Another bias common in disease onset models is the availability of data required to identify a target outcome and generate features for predictions. Clinical indicators in claims and in electronic medical record (EMR) data are more likely to be missing or populated at lower frequency for members with less health care use. Moreover, the data reported on the claim reflect disparities in provider treatment and diagnosis stemming from implicit and explicit bias, including racism.5 Further, data related to previous diagnoses and procedures, other medical history, or stage of disease may be missing differentially across groups, adversely affecting predictions. Incorporating data on the social determinants of health, including health care access; poverty; education level; employment; housing; exposure to hazards in living and occupational environments; and access to transportation, food, and health clinics, may improve the performance of disease onset models and reduce the reliance on utilization patterns alone for need-based optimization.
Likelihood Of Hospitalization
According to CMS, hospitalizations represented the largest component of national health care expenditures in 2017 and 2018.13 While many acute inpatient events such as maternity and trauma admissions are unavoidable, others are preventable through effective primary and specialty care, disease management, availability of interventions at outpatient facilities, or all of the above. In 2017 the Agency for Healthcare Research and Quality (AHRQ) estimated that 3.5 million preventable inpatient hospitalizations accounted for $33.7 billion in hospital costs.14
Machine learning models that predict the likelihood of an avoidable inpatient hospitalization (known as likelihood of hospitalization models) can help target interventions, prevent adverse health outcomes, and reduce individual and population health care costs.15–18 However, observing an acute hospitalization event in the data is contingent on access to and use of health care services, both of which are influenced by racial and socioeconomic disparities.11,19 Disparities in access and use mean that some subpopulations are underrepresented in the target population and in the data used to predict the outcome of interest. Thus, the resulting model output may reflect those systemic biases, and interventions or policy decisions based on the model outputs risk reinforcing and exacerbating existing inequities.
Similar to disease onset models, one way to address the data disparities in likelihood of hospitalization models is through inclusion of additional data sources that show patterns in primary or preventative care that can prevent unplanned hospitalization. EMR data can add granularity to clinical events, capturing diagnostic and other health information that may not be recorded on claims. However, integrating EMR and claims data can introduce additional bias20 stemming from missing or incomplete records for patients who experience barriers to consistent care. Importantly, missing clinical codes can indicate lack of key diagnostics, procedures, or primary care support along a patient’s health care journey that might have precluded the need for inpatient hospitalization. Similar symptoms may be treated differently among providers, leading to downstream effects on hospitalization. Data on social determinants of health can also improve the performance and potentially interpretations of likelihood of hospitalization prediction tasks.
Medication Adherence
In 2003 the World Health Organization noted that approximately 50 percent of patients with chronic illnesses do not take medications as prescribed.21 In the United States, lack of medication adherence can lead to morbidity and mortality and is estimated to cost $100 billion per year.22 CMS also considers medication adherence to be a critical component of Medicare health plan performance ratings, making predictive models for medication adherence common across the health insurance industry. Adherence is also associated with reduced health services use and lower medical costs for many chronic conditions.23
Predictive models often help health insurers’ pharmacy departments design member outreach strategies to improve adherence. These models can be developed using regression or classification approaches. Regression-based approaches typically predict the proportion of days covered, defined as the proportion of days during a calendar year that a member has access to their medications, and classification approaches use a proportion of days covered of greater than 80 percent as a target threshold.
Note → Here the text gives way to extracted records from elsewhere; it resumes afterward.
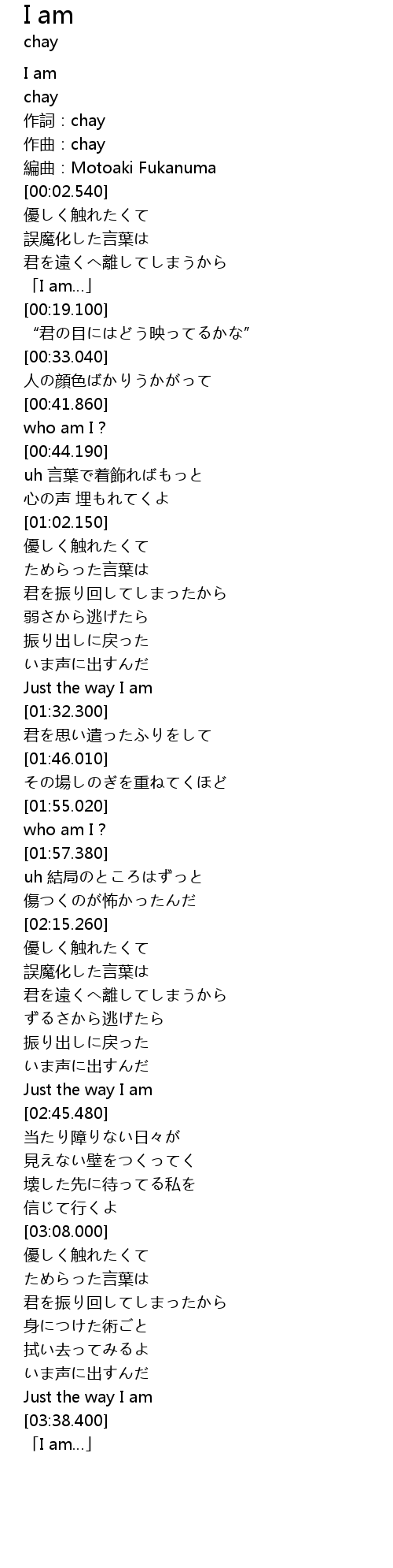 | [00:01.200] | 作詞:chay |
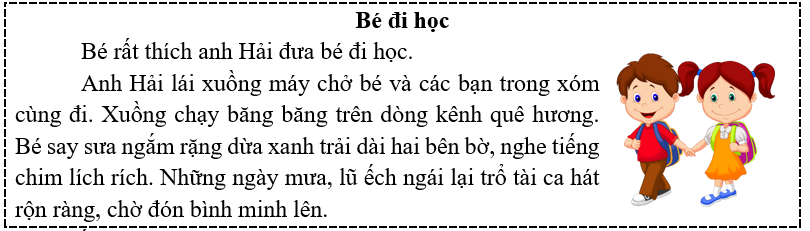 b) Anh Hải lái xuồng máy chở bé và các bạn trong xóm cùng đi học.
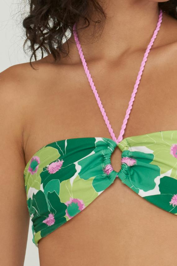 La parte superior presenta una correa retorcida y atada única con puntas de campana.
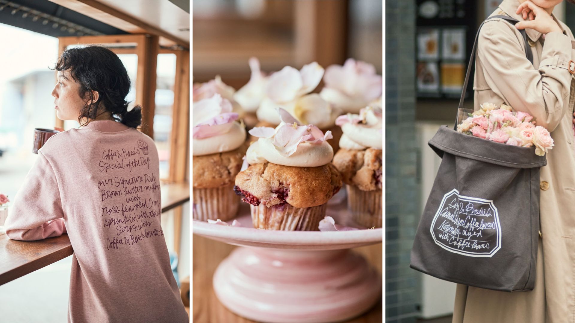 「COFFEE&ROSE」は架空のカフェ。もしこんなカフェがあったらきっとこんなアイテムを扱っているはずと、規格外品のバラの花びらで染めたトップスとコーヒーの出がらしで染めたバッグを作りました。
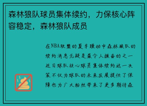 在NBA联盟的夏季躁动中,森林狼队的续约...
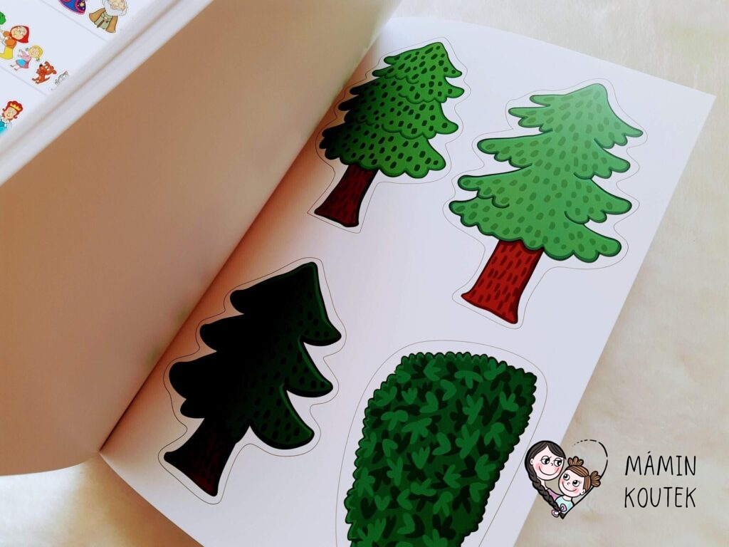 Divadélko můžete hrát jen tak nebo si vytvoříte vlastní jeviště, třeba z krabice. Jako pozadí budou uvedené scenerie, dopředu můžete nalepit oponu, která je součástí sešitové knížky.
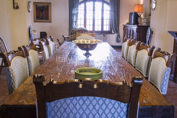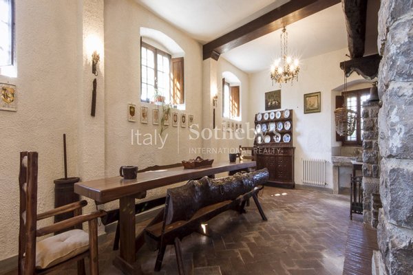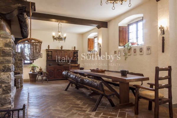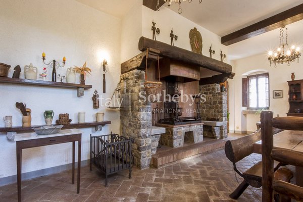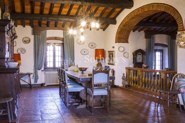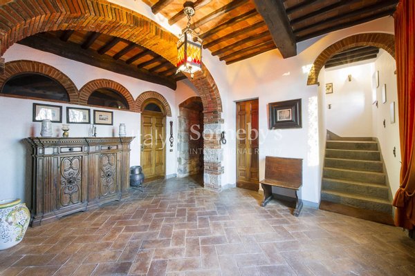 Der Stil und die verwendeten Materialien sind typisch toskanisch: Außenbereiche mit sichtbarem Naturstein, Böden aus antikem Terrakotta und Parkett, Kastanienholzbalken, große Kamine. Die nahegelegene Dépendance besteht aus Küche, 3 Zimmern, Wohnzimmer und Bad.
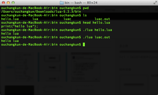我们可以使用luac对lua script进行编译,或者使用lua直接执行lua脚本(可以是源码,也可以是编译后的文件)。如图所示。
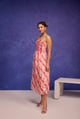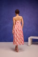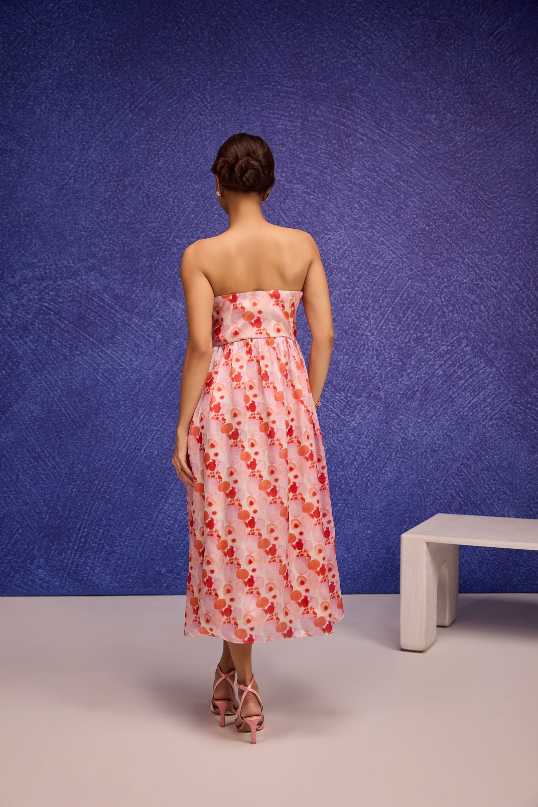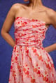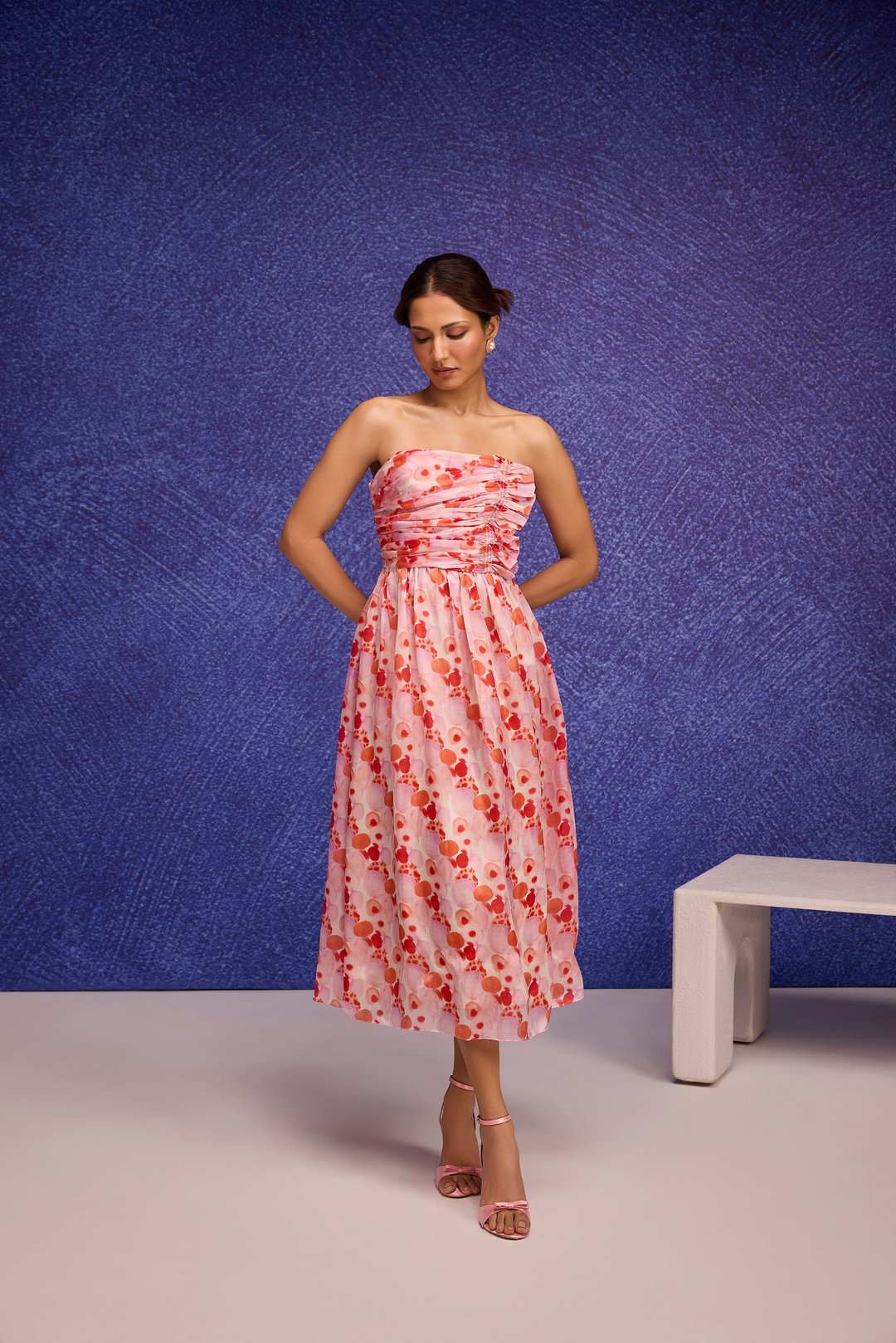 Red Aquarelle Print Silk Organza Side Gathered Tube Dress with Ruffle Detail

Medication adherence can be influenced by many factors, including dosing frequency, side effects, and routes of administration. However, differences in diagnosis, treatment, and prescribing are also well documented. Compared with White patients, members of racial and ethnic minority groups are less likely to be prescribed opioids for chronic pain and less likely to receive evidence-based prescribing practices related to antidepressants, anticoagulants, diabetes medications, drugs for dementia, and statins.24–32 When medication adherence models are being designed, a different target definition of whether a member should have a prescription for a condition based on clinical care guidelines may be more appropriate.
Using machine learning to identify patients at risk for being noncompliant with a new medication regimen or for falling below an optimal level of adherence over time can be valuable for targeting resources and programs. However, health plans and other entities that develop and use medication adherence models (such as pharmacy benefit managers and health systems) must recognize how systemic biases in access to pharmacies and prescription drugs, prescribing patterns, and utilization in Black and Brown communities affect problem formulation, algorithm development and interpretation, and intervention strategies.33–36
Understanding why a member was predicted to be noncompliant is particularly relevant when medication adherence interventions are being selected and implemented. Collaborations between interventionists and data scientists can ensure that relevant contextual information is used to refine the predictive model at hand. For example, instead of predicting medication adherence directly, data scientists can identify members most receptive to lower-cost medication alternatives or nontraditional delivery methods, as these are likely to be patients struggling with financial or transportation barriers.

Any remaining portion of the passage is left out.